TASK INPUTS START
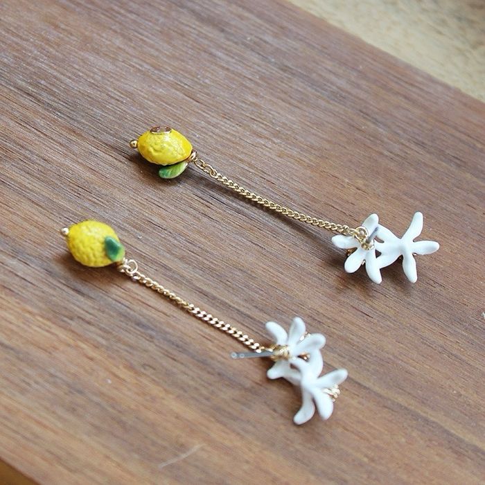 Boucles d’oreilles tiges citron et fleurs  - photo numéro 4
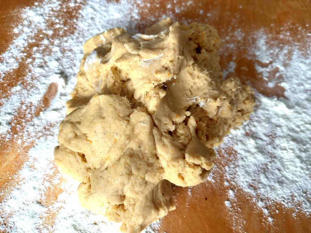 Sift the flour and place it on a work surface with the sugar, lard cut into pieces, honey, aromas, spoon of orange zest, pepper, and baking soda, and knead
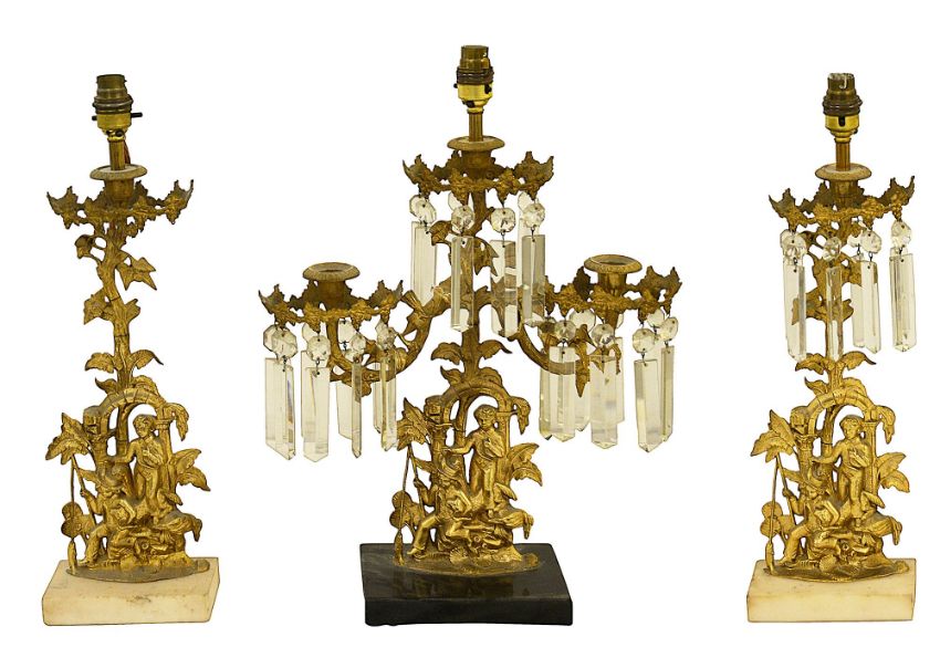 A mid 19th century American gilt metal garniture of lustre candlesticks, adapted as lampsProbably Cornelius & Co, Philadelphia all with branch and leaf form arms, bases comprising arches with two young boys with dogs and fishing rods, the three arm example with a black marble base, the two single examples both with white marble bases, drops lacking to one single example, (3)
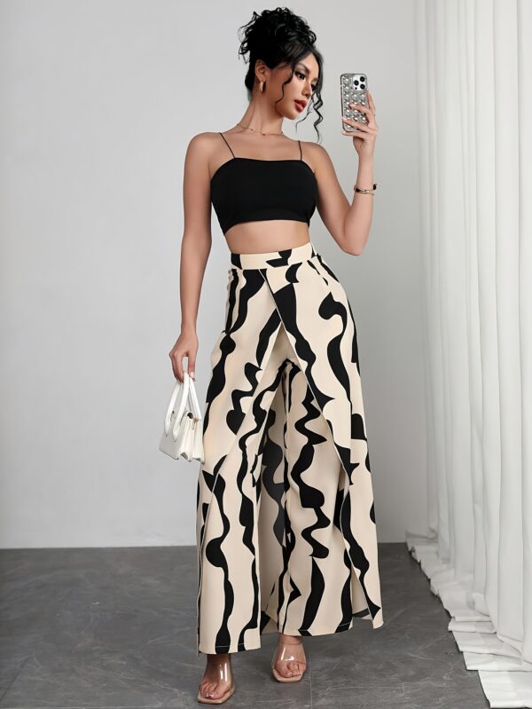 اكتشفي قمة الأناقة والراحة مع بنطلوننا النسائي المميز ذو القصة الواسعة والتصميم العصري غير المتماثل. قطعة أساسية تضفي لمسة من التميز على إطلالتك في كل مناسبة، مصممة لتواكب صيحات الموضة وتضمن لكِ حضوراً آسراً.
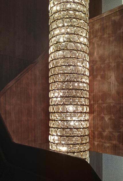 THE FONTENAY: Das organisch geformte Gebäude besteht aus drei ineinander verlaufenden Kreisen, die an große Baumkronen erinnern. Das gesamte Hotel ist lichtdurchflutet – eine vollkom mene Balance von Natur und Urbanität. Im Bild: Das gläserne Atrium mit 27 Metern Deckenhöhe. Das Prunkstück des Atriums ist die Lichtskulptur der niederländischen Firma Brand van Egmond mit 140 LEDs an gewundenen Stahlästen.
TASK INPUTS END
### EXERCISE DIRECTIONS:
Extract exactly the lines above from the line containing "اكتشفي قمة الأناقة" through the last one, both ends included, but not the pictures.

### RESPONSE BOX:
 اكتشفي قمة الأناقة والراحة مع بنطلوننا النسائي المميز ذو القصة الواسعة والتصميم العصري غير المتماثل. قطعة أساسية تضفي لمسة من التميز على إطلالتك في كل مناسبة، مصممة لتواكب صيحات الموضة وتضمن لكِ حضوراً آسراً.
 THE FONTENAY: Das organisch geformte Gebäude besteht aus drei ineinander verlaufenden Kreisen, die an große Baumkronen erinnern. Das gesamte Hotel ist lichtdurchflutet – eine vollkom mene Balance von Natur und Urbanität. Im Bild: Das gläserne Atrium mit 27 Metern Deckenhöhe. Das Prunkstück des Atriums ist die Lichtskulptur der niederländischen Firma Brand van Egmond mit 140 LEDs an gewundenen Stahlästen.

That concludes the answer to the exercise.